We are developing generic methods that enable the high throughput determination of structures of human membrane proteins. We selected the baculovirus/insect cell expression system which provides a lipid composition close to that of human cells and is a proven high throughput platform. For each target protein we generate a series of constructs of varying length and different affinity tags, including the full length gene and a series of truncations to remove potentially disordered regions. A high throughput expression screen is used to identify proteins that can be used to purify milligram quantities of IMPS for crystallisation. Each protein is initially purified in dodecyl maltoside (DDM) detergent and is subsequently screened for stability in a series of different detergents to identify the optimum conditions for stability and crystallisation.

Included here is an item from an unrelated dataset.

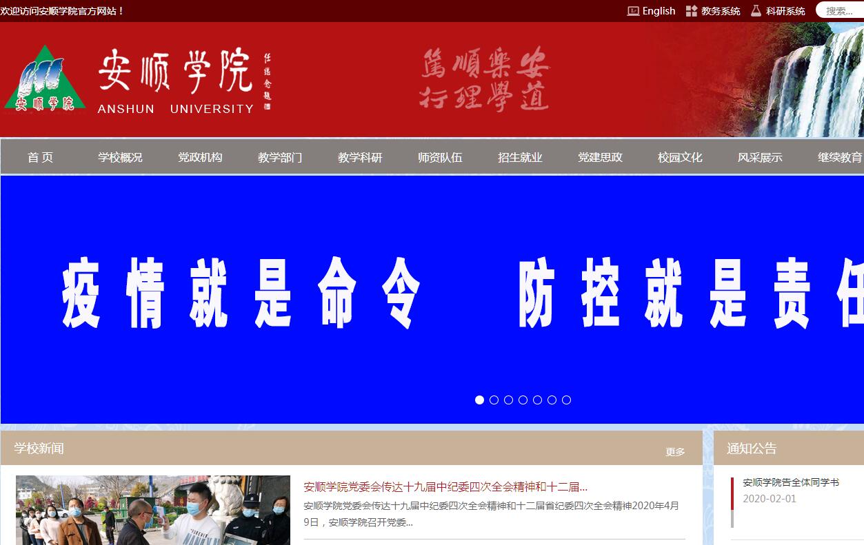 安顺学院坐落在贵州省安顺市。安顺市位于贵州省中西部,素有“黔之腹、滇之喉、粤蜀之唇齿”之称。全市总面积9267平方公里,总人口300万人,其中少数民族人口占总人口的39%。安顺历史悠久,文化底蕴深厚,是贵州省历史文化名城,拥有 “亚洲文明之灯”普定穿洞古人类文化遗址、“千古之谜”关岭“红崖天书”、“世界唯一”的明代屯堡村落、“中国戏剧活化石”安顺地戏、“东方第一染”安顺蜡染,有“中国瀑乡”、“屯堡文化之乡”、“蜡染之乡”、“西部之秀”的美誉,是国家最早确定的甲类旅游开放城市、中国优秀旅游城市、中国最美丽城市、中国十大特色休闲城市。安顺是中国共产党老一辈无产阶级革命家、全国“100位为新中国成立做出突出贡献的英雄模范人物”王若飞同志的故乡,王若飞故居是全国爱国主义教育基地、全国首批百个红色旅游经典景点之一。安顺是全国文明城市提名城市、国家卫生城市、全国双拥模范城、国家园林城市,是国家首批新型城镇化综合试点城市、国家首批全域旅游示范区创建单位、全国首个农村金融信用市、全国首批通用航空产业综合示范区、国家高新技术产业开发区、国家第二批生态修复城市修补试点城市、全国唯一的“省部共建”石漠化片区水利精准扶贫示范区。 安顺学院是2006年2月经国家教育部批准组建,实行“省市共建、以市为主”的普通本科高校。学校办学历史可追溯到1938年成立的黔江师范学校,历经黔江师范学校、黔江中学、省立安顺师范学校、安顺师范高等专科学校等发展阶段,迄今已有近80年的历史。学校至今已为社会培养了6万余名各类合格专业人才,毕业生大多工作在基础教育、基层政府和企事业单位第一线,为我国西南地区教育事业和地方经济社会发展做出了重大贡献。学校2015年通过教育部普通高等学校本科教学工作合格评估,2016年增列为贵州省硕士学位授权立项建设单位。 学校拥有东、西、北三个校区。西校区为主校区(校本部),学校占地面积1113亩,教学行政用房10.78万平方米,学生宿舍5.01万平方米,馆藏纸质图书58万余册。学校现有在职教职工856人(含附属中学95人),师资队伍总人数655人,其中专任教师430人,教授等正高级职称59人,副教授等副高级职称246人,具有硕士、博士学位师资527人,外籍教师3人;有贵州省省管专家3人,享受省政府津贴专家2人,省优秀青年科技人才2人,省级教学名师3人,省高校哲学社会科学学术带头人3人,安顺市市管专家24人。开设有以本科教育为主的经济学、法学、教育学、文学、历史学、理学、工学、农学、管理学、艺术学10个学科门类共57个本科专业(方向),全日制本专科在校生近8000人。 学校现设有16个二级学院、4个教研教学部、8个教学科研辅助机构以及省级院士工作站、省2011协同创新中心、省人文社科研究基地、省级学会、省级社科研究机构、省级少数民族传统体育项目训练基地、省级国家职业技能鉴定所、省级特殊教育师资培训中心、省教育厅工程中心各1个和省教育厅创新团队2个。有省级特色重点学科1个、省级重点学科2个、省级重点支持学科7个、省级特色专业2个、省级专业综合改革试点专业5个、省级特色重点实验室1个、省级实验教学示范中心1个、省级教学团队3个、校级研究中心3个。 学校主动适应地方经济社会发展对专业人才的要求,致力于培养基础宽厚、素质全面、实践能力强、适应基础教育与地方经济社会发展需要的高素质应用型人才。学校科研实力逐年提升。“十二五”期间,学校教师共承担科研项目744项,其中国家级项目13项,省级项目145项,地厅级项目267项。学校教师累计发表论文2473篇,其中被SCI、SSCI、EI等科学引文收录68篇,出版著作38部。目前有省级“双一流”建设项目5个。 学校以《关于进一步促进贵州经济社会又好又快发展的若干意见》、《教育部关于全面提高高等教育质量的若干意见》、《中共贵州省委贵州省人民政府关于进一步支持安顺加快经济社会发展的意见》和《中共贵州省委 贵州省人民政府关于支持高校加快改革发展的意见》文件精神为契机,进一步坚定了建设有鲜明地方特色的应用型本科高校的发展方向,明确了高素质应用型专业人才培养目标,大力实施“质量立校、特色兴校、人才强校、科研促校”战略,全面提高教育教学质量、科研水平和社会服务能力,教学中心地位不断凸显,办学特色初步显现,服务地方能力持续增强,逐步进入了以内涵式发展为主的新阶段。学校发展呈现出良好态势,广大师生对未来充满信心,齐心协力,奋发图强,努力将安顺学院建设成为办学特色鲜明的地方性应用型大学。 办学指导思想:坚持中国特色社会主义办学方向,以科学发展观为指导,全面贯彻落实党和国家的教育方针,立足安顺、服务贵州、走向全国;坚持质量立校战略,以教学为中心,深化教育教学改革,构建质量管理体系,全面提高人才培养质量;坚持特色兴校战略,彰显特色,突出亮点,以特色引领学校教育事业发展;坚持人才强校战略,以提升教师整体水平为核心,加大人才引进力度,延揽和造就优秀学者;坚持科研促校战略,加强科研管理,推动应用研究和科研成果转化,提高科研水平,促进科研与教学互动发展。以“四大战略”促进提升学校办学水平,加强应用型人才培养,主动服务区域经济社会发展

We have established methods for high throughput nanodrop crystallisation and manipulation of fragile membrane protein crystals. We have developed efficient systems for screening membrane protein crystals for diffraction quality as a method for crystallisation conditon optimization. We have also optimized our data collection and analysis of diffraction data using intense synchrotron microfocus beamlines, available at resources such as Diamond Light Source Ltd, in Oxfordshire. Wherever possible crystallisation is performed with bound ligands and inhibitors to capture a single native conformation and provide key insights into function and drug design. We also plan to generate antibody fragments against our purified proteins for use as affinity reagents and crystallisation aids.